(Collected data Opens)

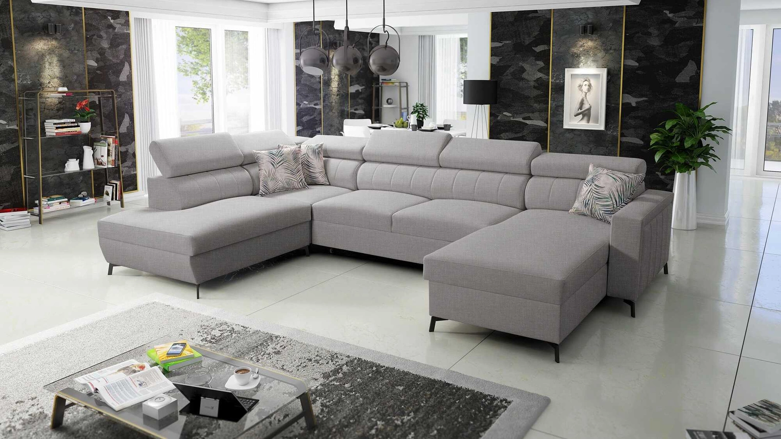 Narożnik Savona VI w kolorze jasny szary z regulowanymi zagłówkami to połączenie funkcjonalności z niezwykle elegancką formą.
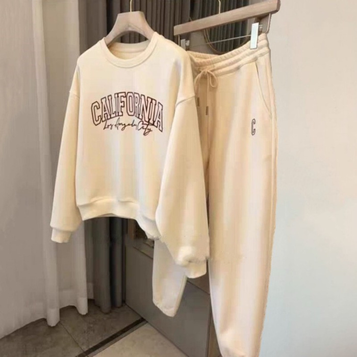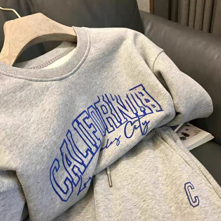 Casual Sports Suit for Women, Simple 2026 Spring and Autumn New Fashion Printed Loose Sweatshirt and Long Pants Two-Piece Set
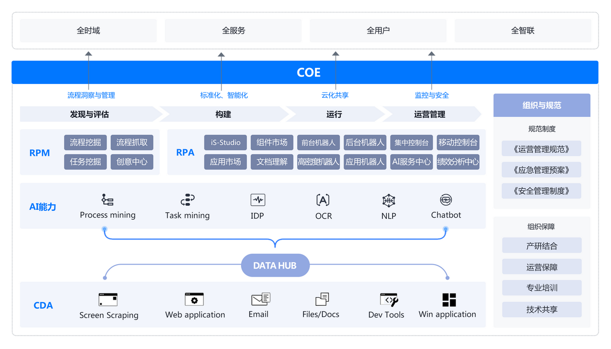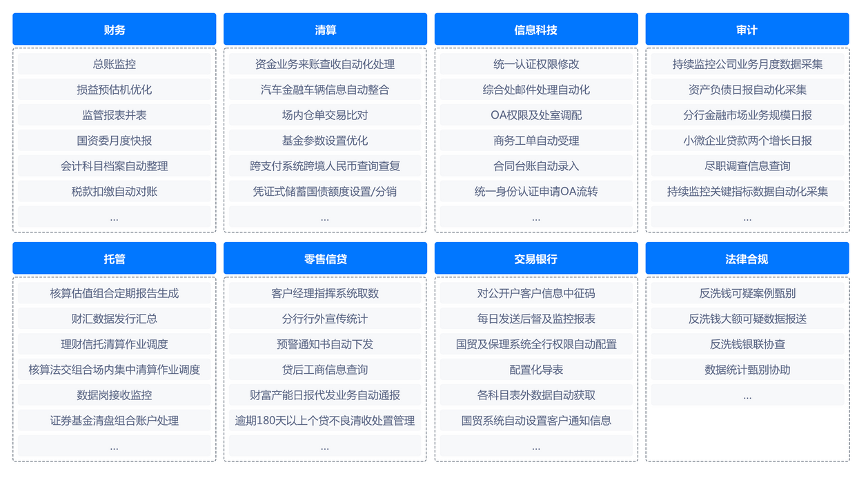 全面深化总分统筹、应用上云,在总行运营管理部等持续试点验证流程挖掘技术应用成效,为在全局建设“发现、评谷估构建、运 行营”的“RPM+RPA+AI”的超自动化平台开启应用探索。

(Collected data Closes)

## Task objective
Output the data above without changes, apart from leaving out the pictures.

## Answer to this exercise
 Narożnik Savona VI w kolorze jasny szary z regulowanymi zagłówkami to połączenie funkcjonalności z niezwykle elegancką formą.
 Casual Sports Suit for Women, Simple 2026 Spring and Autumn New Fashion Printed Loose Sweatshirt and Long Pants Two-Piece Set
 全面深化总分统筹、应用上云,在总行运营管理部等持续试点验证流程挖掘技术应用成效,为在全局建设“发现、评谷估构建、运 行营”的“RPM+RPA+AI”的超自动化平台开启应用探索。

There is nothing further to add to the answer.